After the election results came in, I posted about the implications for the Turnbull government of dealing with One Nation as if it were a normal and legitimate political party.

“It seems likely, however, that Turnbull is going to treat One Nation, for the first time in Australia, as a normal political party, and to negotiate with Hanson as an equal. That would be a new low for him, and for Australia. And, sooner or later, it will come back to bit him and the LNP. For an object lesson in the dangers of courting racist votes while maintaining a claim to be non-racist, he need only look at the US Republican party.”

It is already clear that this analysis fell far short of the mark. Far from being “just another minor party”, One Nation has become a semi-formal member of the LNP Coalition and part of the dominant right-wing grouping within that coalition. The two most striking developments, among many, are:

  • The decision of the Queensland LNP to preference One Nation ahead of Labor. This is unusual in itself, given that no election is in prospect any time soon, and it is a radical reversal of the pre-election position of putting One Nation last; and
  • The alliance between One Nation and the LNP right to promote a change to hate speech laws, allowing racial speech that “offends” or “insults” the target.

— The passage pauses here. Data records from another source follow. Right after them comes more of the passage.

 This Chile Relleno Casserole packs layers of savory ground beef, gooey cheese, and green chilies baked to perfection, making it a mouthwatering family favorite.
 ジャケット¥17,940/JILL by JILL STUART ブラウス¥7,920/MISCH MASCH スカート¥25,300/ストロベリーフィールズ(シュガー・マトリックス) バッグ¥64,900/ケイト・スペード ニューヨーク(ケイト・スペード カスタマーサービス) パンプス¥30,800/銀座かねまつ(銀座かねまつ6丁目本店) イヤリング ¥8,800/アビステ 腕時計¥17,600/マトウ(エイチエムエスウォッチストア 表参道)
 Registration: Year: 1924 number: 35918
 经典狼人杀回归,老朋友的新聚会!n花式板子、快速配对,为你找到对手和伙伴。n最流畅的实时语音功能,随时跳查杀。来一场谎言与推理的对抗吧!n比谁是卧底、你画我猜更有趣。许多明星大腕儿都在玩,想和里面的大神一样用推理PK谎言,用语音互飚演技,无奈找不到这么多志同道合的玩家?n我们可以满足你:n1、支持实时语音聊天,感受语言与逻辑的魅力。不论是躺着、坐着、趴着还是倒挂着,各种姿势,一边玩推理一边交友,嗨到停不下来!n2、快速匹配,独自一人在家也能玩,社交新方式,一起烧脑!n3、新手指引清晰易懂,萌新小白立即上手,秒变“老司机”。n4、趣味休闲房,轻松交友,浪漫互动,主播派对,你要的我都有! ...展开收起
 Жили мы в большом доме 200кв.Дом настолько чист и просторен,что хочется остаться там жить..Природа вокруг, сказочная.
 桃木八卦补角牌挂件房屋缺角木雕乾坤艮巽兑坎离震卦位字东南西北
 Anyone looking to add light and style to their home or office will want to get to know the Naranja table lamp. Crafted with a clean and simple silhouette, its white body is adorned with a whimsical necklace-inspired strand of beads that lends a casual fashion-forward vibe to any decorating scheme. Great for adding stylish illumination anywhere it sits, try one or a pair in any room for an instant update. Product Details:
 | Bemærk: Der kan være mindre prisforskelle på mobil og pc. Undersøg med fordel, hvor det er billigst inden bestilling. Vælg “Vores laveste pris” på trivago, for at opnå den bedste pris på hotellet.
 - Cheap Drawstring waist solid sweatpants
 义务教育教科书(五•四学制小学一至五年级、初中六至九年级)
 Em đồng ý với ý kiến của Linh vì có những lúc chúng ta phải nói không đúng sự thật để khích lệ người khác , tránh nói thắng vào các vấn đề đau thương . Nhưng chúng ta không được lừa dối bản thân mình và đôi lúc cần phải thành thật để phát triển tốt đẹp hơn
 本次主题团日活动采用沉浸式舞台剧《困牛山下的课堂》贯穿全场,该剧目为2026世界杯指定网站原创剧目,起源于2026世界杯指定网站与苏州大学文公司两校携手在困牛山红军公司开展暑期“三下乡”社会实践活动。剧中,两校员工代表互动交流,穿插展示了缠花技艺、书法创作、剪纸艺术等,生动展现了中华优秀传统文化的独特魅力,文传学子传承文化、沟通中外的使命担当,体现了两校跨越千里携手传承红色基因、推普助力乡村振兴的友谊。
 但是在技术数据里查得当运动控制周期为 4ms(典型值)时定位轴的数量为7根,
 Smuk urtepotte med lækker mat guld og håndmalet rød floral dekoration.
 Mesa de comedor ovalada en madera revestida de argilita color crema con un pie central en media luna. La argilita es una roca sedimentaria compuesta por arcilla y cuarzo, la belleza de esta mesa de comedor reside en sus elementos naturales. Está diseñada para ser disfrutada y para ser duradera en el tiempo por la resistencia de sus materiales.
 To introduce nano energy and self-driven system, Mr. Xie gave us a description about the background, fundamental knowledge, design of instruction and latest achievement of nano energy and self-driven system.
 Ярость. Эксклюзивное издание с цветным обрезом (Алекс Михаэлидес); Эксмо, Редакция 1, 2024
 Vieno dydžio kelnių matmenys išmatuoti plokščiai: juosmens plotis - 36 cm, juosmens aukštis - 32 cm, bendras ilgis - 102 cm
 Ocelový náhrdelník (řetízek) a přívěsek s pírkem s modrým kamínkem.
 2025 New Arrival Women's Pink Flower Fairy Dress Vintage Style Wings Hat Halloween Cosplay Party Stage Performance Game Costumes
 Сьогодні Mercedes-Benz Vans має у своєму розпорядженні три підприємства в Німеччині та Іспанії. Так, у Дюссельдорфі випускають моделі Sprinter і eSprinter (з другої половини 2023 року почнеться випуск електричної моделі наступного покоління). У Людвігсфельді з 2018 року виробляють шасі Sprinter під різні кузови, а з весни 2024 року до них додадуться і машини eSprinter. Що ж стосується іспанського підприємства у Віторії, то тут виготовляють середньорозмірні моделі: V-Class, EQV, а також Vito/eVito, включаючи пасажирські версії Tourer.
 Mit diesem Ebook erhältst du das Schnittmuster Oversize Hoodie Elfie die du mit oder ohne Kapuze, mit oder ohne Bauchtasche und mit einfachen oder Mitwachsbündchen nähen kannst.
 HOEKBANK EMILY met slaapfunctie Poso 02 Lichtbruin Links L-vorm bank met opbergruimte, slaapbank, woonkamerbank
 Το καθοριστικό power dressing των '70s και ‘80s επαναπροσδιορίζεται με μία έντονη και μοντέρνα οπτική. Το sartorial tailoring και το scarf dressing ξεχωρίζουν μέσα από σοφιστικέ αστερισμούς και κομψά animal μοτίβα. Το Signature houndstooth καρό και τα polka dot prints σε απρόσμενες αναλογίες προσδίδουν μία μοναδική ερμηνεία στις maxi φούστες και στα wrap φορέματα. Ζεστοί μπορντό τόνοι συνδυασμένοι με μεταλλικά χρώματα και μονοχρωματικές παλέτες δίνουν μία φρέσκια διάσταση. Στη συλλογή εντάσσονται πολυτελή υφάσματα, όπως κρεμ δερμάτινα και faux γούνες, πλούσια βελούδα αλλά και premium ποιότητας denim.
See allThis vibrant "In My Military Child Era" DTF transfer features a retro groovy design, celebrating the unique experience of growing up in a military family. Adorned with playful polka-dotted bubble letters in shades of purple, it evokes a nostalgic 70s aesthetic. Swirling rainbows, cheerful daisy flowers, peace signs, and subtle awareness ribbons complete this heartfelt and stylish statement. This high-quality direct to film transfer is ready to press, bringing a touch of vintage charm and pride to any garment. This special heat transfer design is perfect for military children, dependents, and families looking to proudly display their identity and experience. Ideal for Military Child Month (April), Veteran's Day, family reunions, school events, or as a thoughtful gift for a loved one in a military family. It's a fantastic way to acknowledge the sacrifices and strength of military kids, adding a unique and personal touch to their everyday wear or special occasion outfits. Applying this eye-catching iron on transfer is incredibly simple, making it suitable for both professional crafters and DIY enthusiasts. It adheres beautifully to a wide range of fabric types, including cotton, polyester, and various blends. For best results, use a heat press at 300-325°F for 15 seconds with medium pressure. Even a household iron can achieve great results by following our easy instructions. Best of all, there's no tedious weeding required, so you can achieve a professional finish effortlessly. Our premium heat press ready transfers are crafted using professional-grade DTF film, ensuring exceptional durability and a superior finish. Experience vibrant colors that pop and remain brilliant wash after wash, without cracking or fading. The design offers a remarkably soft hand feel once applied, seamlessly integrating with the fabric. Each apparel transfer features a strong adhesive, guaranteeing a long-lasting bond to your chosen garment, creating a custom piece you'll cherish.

I remain convinced that this will prove a path to disaster for the LNP in the long run, but it could do a great deal of damage to Australia while the LNP-ONP coalition remains in office.

The 18C issue — a whole post to itself, but the central point here is that this move does not reflect any general commitment to free speech, along the (apocryphal) Voltairian line that “I disagree with what you say, but defend to the death your right to say it”. The backers of this proposal are people who want to exercise the freedom to make offensive and insulting racial attacks.

Of course, it’s important to avoid the ad hominem fallacy here. The claim that “people have a right to be bigots” isn’t invalidated by the fact that most of its proponents (though not, I think, George Brandis) are bigots themselves. But the simple political fact is that racists are now viewed as acceptable by the LNP, and are already a substantial, if not dominant, faction within that party. Most of this faction has no interest in free speech for anyone but themselves.

If any change to laws governing public speech is to be addressed by this Parliament, it should not take the form of an escape clause specifically designed for bigots. Rather we should be looking at a general guarantee of free speech, something that does not currently exist in Australia.

Finally, I’ll repeat, in sharper form, a question I’ve raised before. If right-wing LNP backbenchers have a consequence-free right to vote against party policy on hate speech, why don’t supporters of equal marriage have the same right? The most obvious target of this question is former IPA official Tim Wilson, who has vigorously attacked 18C while toeing the party line on equal marriage, despite his stated support.